Why can't a strictly injective function have a right inverse?

Question

let $A = \{a \in A\}$ and $B = \{b \in B\}$. Let $f$ be a strictly surjective map $f: A \to B$ meaning for every $b$ in $f$'s codomain there must exist some $a$ in $f$'s domain.

$f$ is surjective if and only if it has a right inverse. Why not a left? let $g$ be the inverse map $g: B \to A$ there is no composite function $g\circ f$ that maps $(A \to B) \to A$ Since $f$ is only surjective there can be multiple elements of $A$ that are mapped to the same element in $B$.

Actually it makes sense since $g$ must be a function and its domain would be mapping to multiple co-domain.

What is the reason for a strictly injective function not to have a right inverse?

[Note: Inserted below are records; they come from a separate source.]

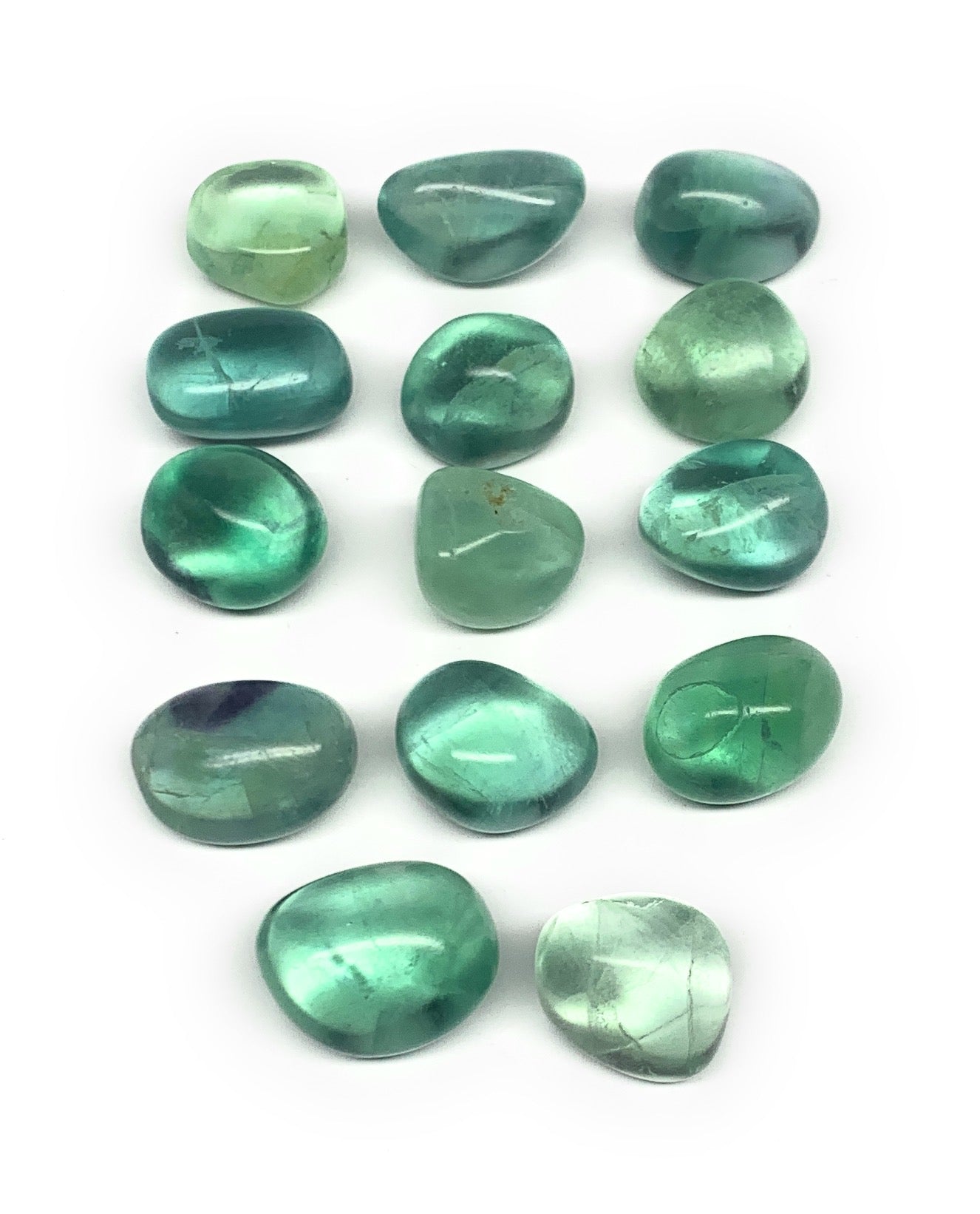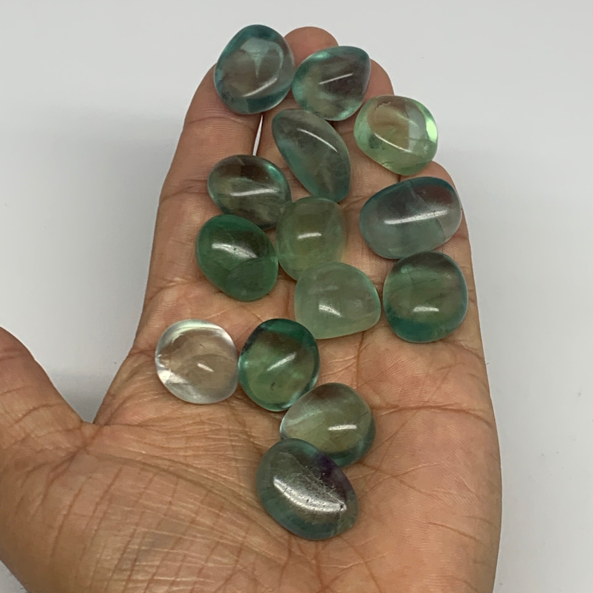 111.6g, 0.6"-1", 14pcs, Green Fluorite Crystal Tumbled Stones, B26937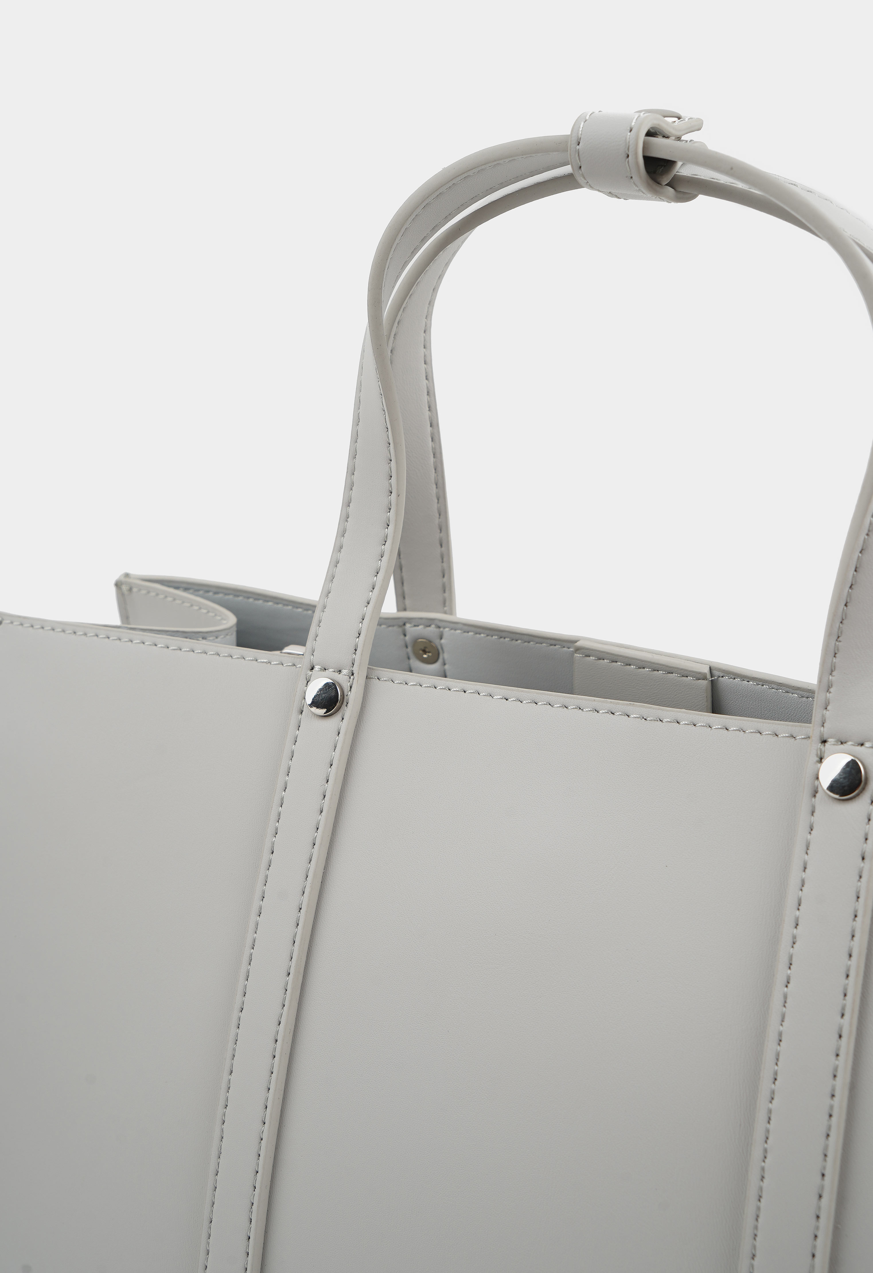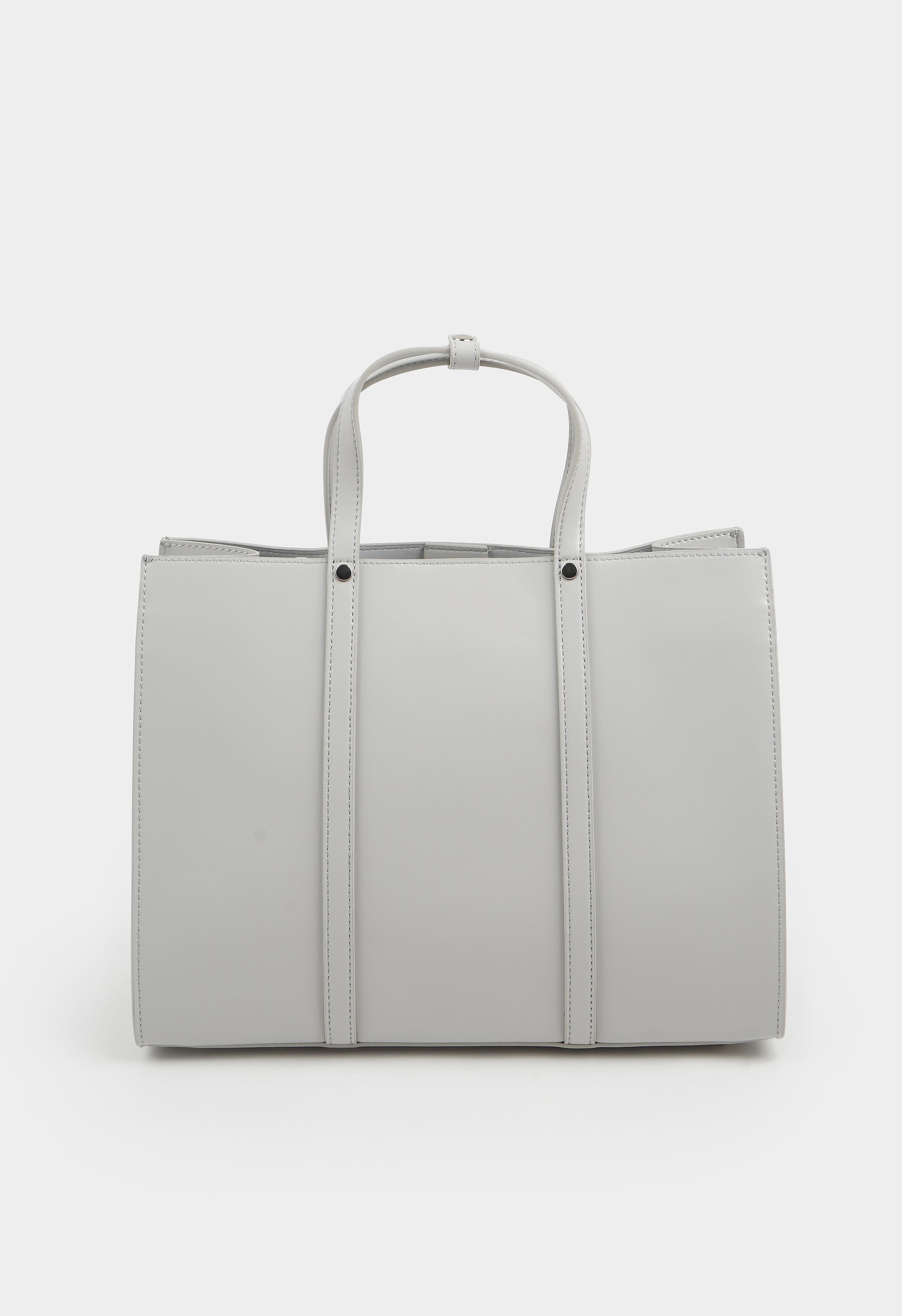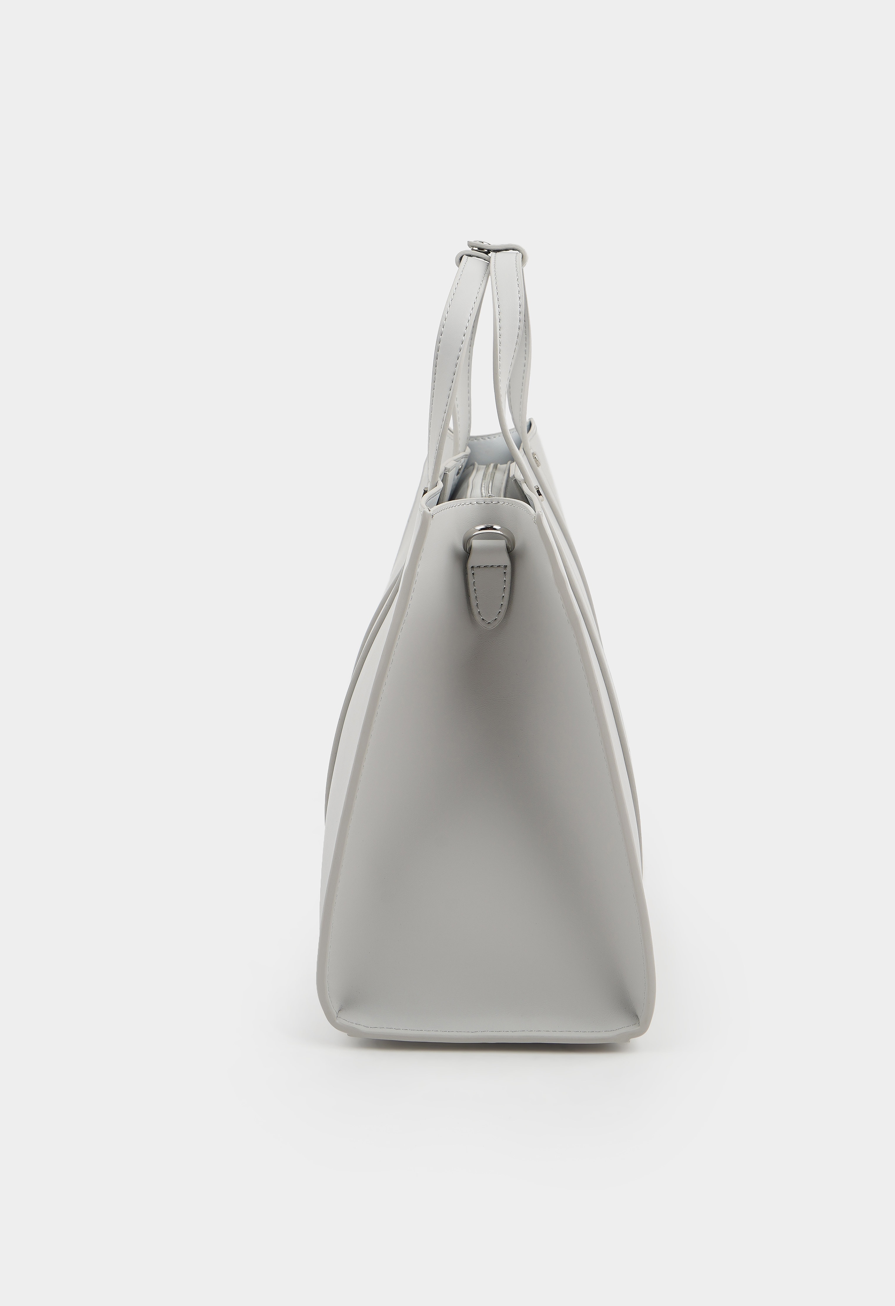 Сумка из натуральной кожи представлена в сером цвете. Основное отделение имеет два кармана для мелочей и застегивается на молнию. Модель подчеркивают короткие ручки и серебряная фурнитура. В комплект входит плечевой ремень.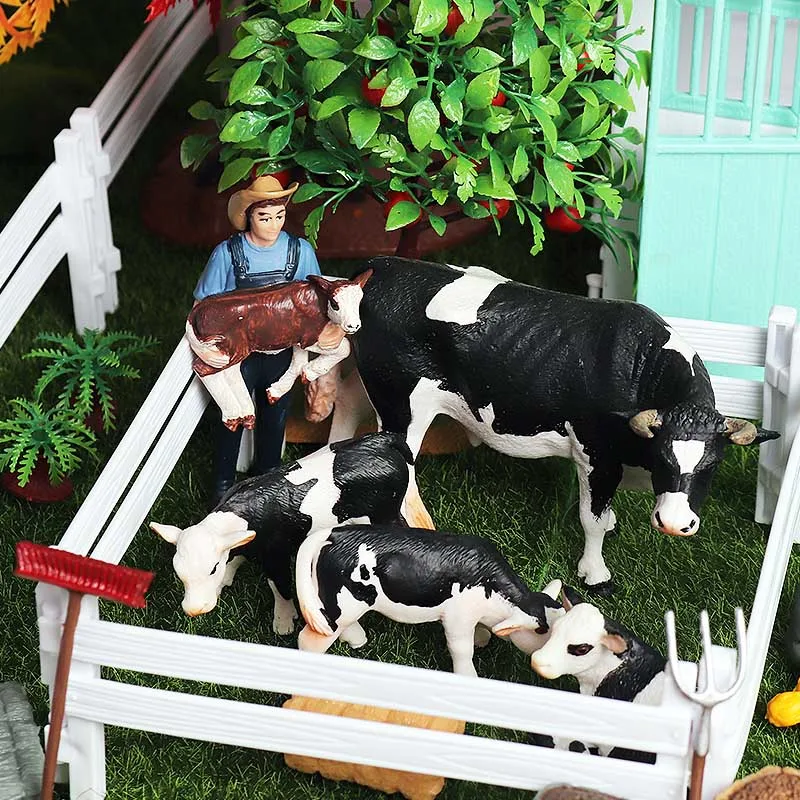 Recurso:Oenux decoração de casa casa de cachorro cerca equestre palma fazenda vaca cavalo modelo animal figuras de ação em miniatura bonito brinquedo do miúdo presente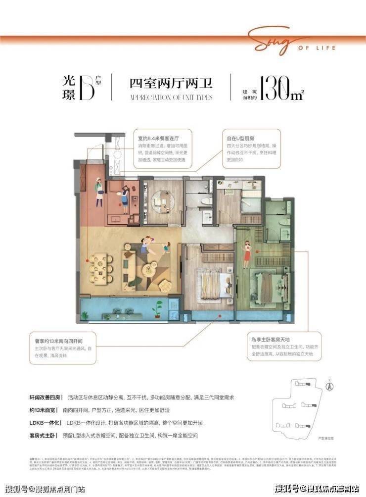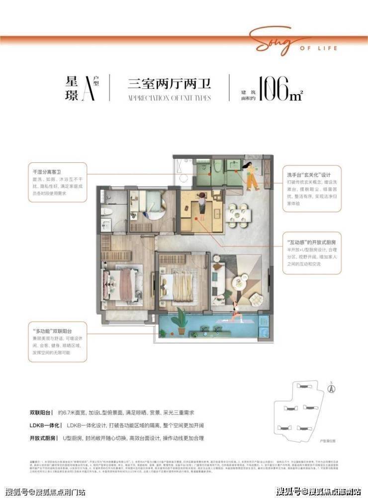 约106㎡户型点评:双联阳台约6.7米面宽,加设L型俯景面,满足晾晒、赏景、采光三重需求,LDKB一体化设计,打破各功能区域的隔离,整个空间更加开阔,开放式厨房U型厨房,封闭敞开随心切换,高效台面设计,操作动线更加合理

There cannot be a composite function $f\circ g = (B\to A)\to B$ when $f$ is strictly injective.

if $f$ is strictly injective, there must exist a subset of $A$ that uniquely maps to a subset of $B$ of equal order.

It makes sense that it cannot exist if $f$'s codomain is smaller than $g$'s domain but otherwise it looks fine to me. Can someone explain how this does not make sense?

Answer 1

Summarizing the discussion in the comments and chat:

The notation $f : A \to B$ means that $f$ maps each element $x \in A$ to some $y \in B$. In general, not every element of $B$ is "reached" by $f$ in this way. The image of $A$ under $f$, denoted $f(A)$, is the subset of $B$ consisting of the elements of $B$ which are "reached" by $f$.

We always have $f(A) \subset B$, but the containment is proper in general. We have $f(A) = B$ if and only if $f$ is surjective.

Let us suppose that $f$ is not surjective. We will show that in this case, $f$ does not have a right inverse.

Any candidate right inverse $g$ must be a map $g : B \to A$.

Now, since $f$ is not surjective, the set $B \setminus f(A)$ is nonempty. Choose any element $y \in B \setminus f(A)$. Since $y \in B$, it is mapped by $g$ to some element $x \in A$. Then, $f$ maps $x$ to some $z \in f(A)$, by definition of $f(A)$.

Summarizing, we have $y \in B \setminus f(A)$, and $g(y) = x$, and $(f \circ g)(y) = f(g(y)) = z$. Since $z \in f(A)$ and $y \not\in f(A)$, clearly $ z\neq y$. Since $f \circ g$ does not map $y$ to itself, $f \circ g$ cannot be the identity map on $B$. Therefore $g$ is not a right inverse of $f$.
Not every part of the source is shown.